Hervorgegangen ist das Pfälzische Vokal Ensemble aus dem Familienquartett, mit dem der damalige pfälzische Landeskirchenmusikdirektor Heinz Markus Göttsche bereits Ende der 1960er Jahre konzertierte. Den Draht zu seiner nördlichen Heimat hatte Göttsche – er stammte aus Bad Oldesloe – nie gekappt. Freundschaftliche Verbindungen bestanden zudem auf die Insel Pellworm, dem sagenumwobenen Eiland vor der nordfriesischen Küste, berühmt durch seinen bizarren Kirchturm und die wunderbare Arp-Schnitger-Orgel in der Alten Kirche. Pellworm wurde zur Keimzelle der Musiktage.

Nach und nach weitete sich das Ensemble auf Kammerchorstärke, vorzeigbar eben auch bei sommerlichen Ausflügen in die „alte Heimat“. Mit nur einem Konzert? Bewahre – sowas gab’s bei Göttsche nicht. So war das Prozedere rasch etabliert: sieben Tage mit fünf Konzerten und einem Gottesdienst. Fixpunkte sind bis heute Pellworm, Nordstrand und St. Peter-Ording, seit 2012 ist Husum dabei. Die Einladungen zum Folgejahr werden dem Ensemble bei jedem Auftritt stets gleich mitgereicht.

Dass das „ökumenisch“ im Festivalnamen nicht bloße Makulatur ist, lässt sich denken. Lange Jahre waren die Musiktage auf Nordstrand, wo das Ensemble auch logiert, mit einem Kammerkonzert im „Dom“ der Altkatholischen Gemeinde eröffnet worden. Seit 2013 hat sich der Kontakt zur katholischen Gemeinde St. Knud gefestigt. In diesem Jahr wird es neben den Konzerten in Husum, Pellworm und St. Peter erstmals einen Abstecher nach Schleswig geben, in die Kirche St. Ansgar.

Dass Göttsche das Projekt Nordstrand mehr oder minder aus eigener Tasche finanzierte, verdient der Würdigung, zumal die Fortführung nach seinem überraschenden Tod 2010 zunächst auf der Kippe zu stehen schien. Maurice Antoine Croissant, als langjähriges Mitglied von Göttsche in die Nachfolge berufen, musste Wege der finanziellen Absicherung finden. Der Bezirkskantor betont die Ehrenamtlichkeit. „Ist für mich reine Freizeitgestaltung und macht einfach ungemein Spaß!“

Da die Landeskirche schon mit etlichen Ensembles gesegnet ist und kein weiteres unter ihre Fittiche nehmen wollte, gründete man einen gemeinnützigen Förderkreis, der aus Mitgliedsbeiträgen und Spenden für genügend Polster sorgt, um Schülern und Studenten die Teilnahme zu ermöglichen. Alle Menschen mit Verdienst begleichen die Aufwendungen der Reise selbst.

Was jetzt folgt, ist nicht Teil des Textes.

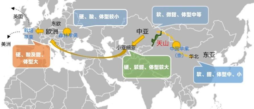 苹果早期的传播路线(图片来 源:DOI: 10.1038/s41467-017-00336-7)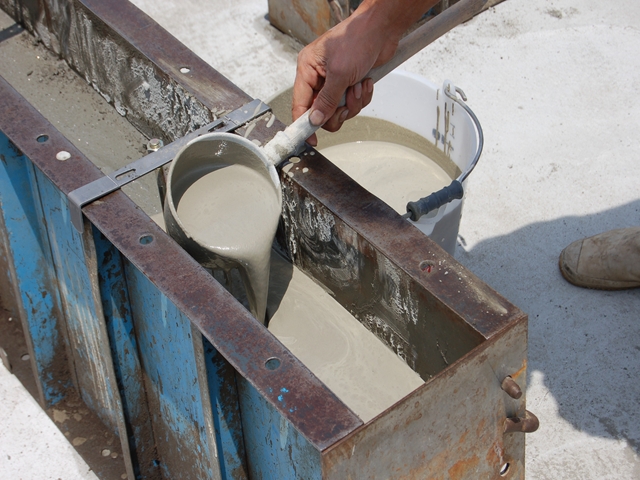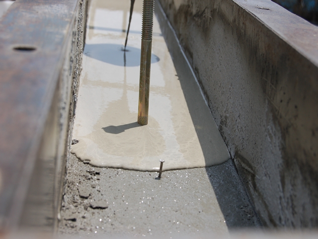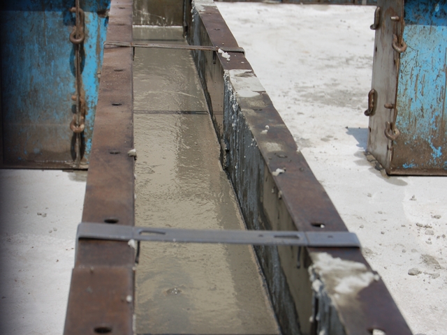 流し込み終わったらコテで慣らします。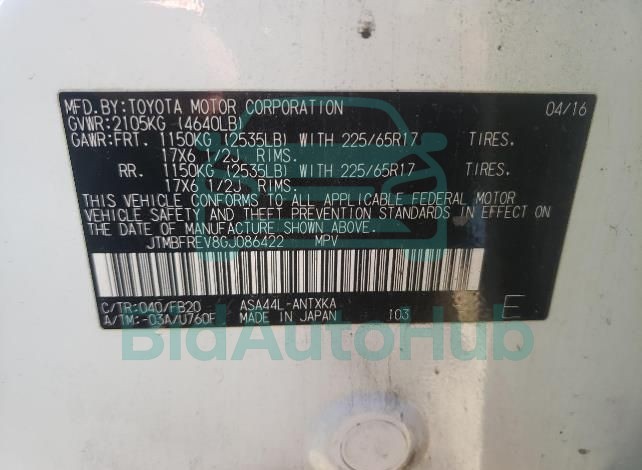 | VIN | JTMBFREV8GJ086422 |
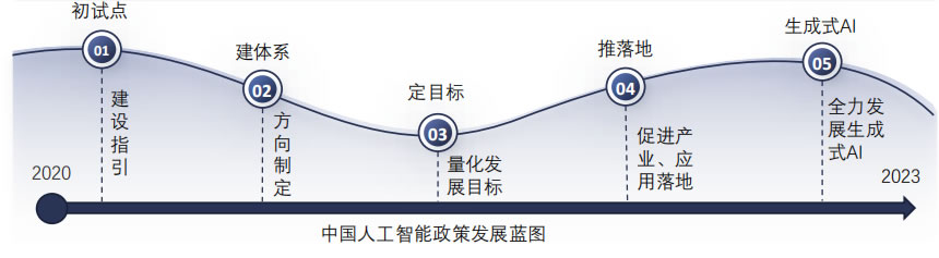 自2019年以來,中國緊跟人工智能產業發展,從建立體系框架、制 定指標到推動場景落地,逐步夯實發展路徑,建立了扎實的政策環 境和產業基礎,為生成式AI的發展奠定了堅實基礎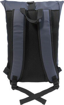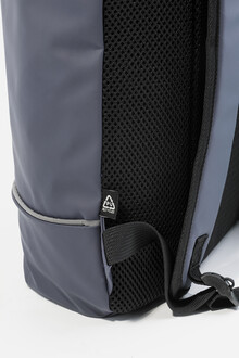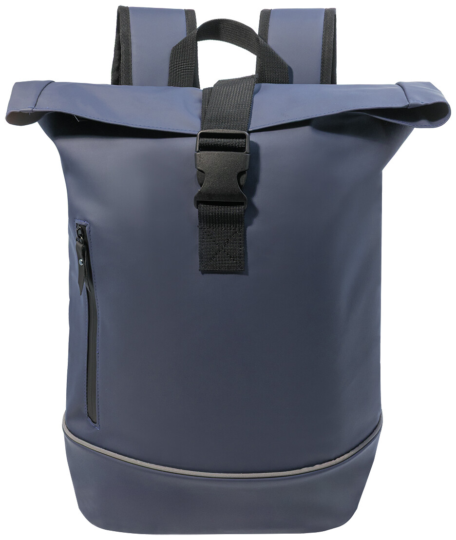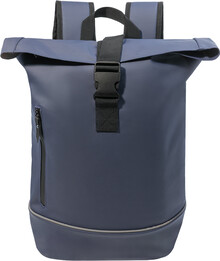 Voděodolný batoh s rolovacím vrškem z měkké recyklované PU kůže s hlavní přihrádkou na zip a zapínáním na přezku, přední kapsou s voděodolným zipem, polstrovanou přihrádkou na notebook (15") a reflexním proužkem. S polstrovanými zády a ramenními popruhy. S výraznou nálepkou z recyklované PU kůže.

Die vornehmlich jugendlichen Mitglieder rekrutieren sich ausnahmslos aus der musikalischen Elite der Landeskirche, etliche sind auch Mitglieder der Evangelischen Jugendkantorei, studieren Kirchenmusik, gehören dem Kammerchor Stuttgart oder dem SWR-Vokalensemble Stuttgart an.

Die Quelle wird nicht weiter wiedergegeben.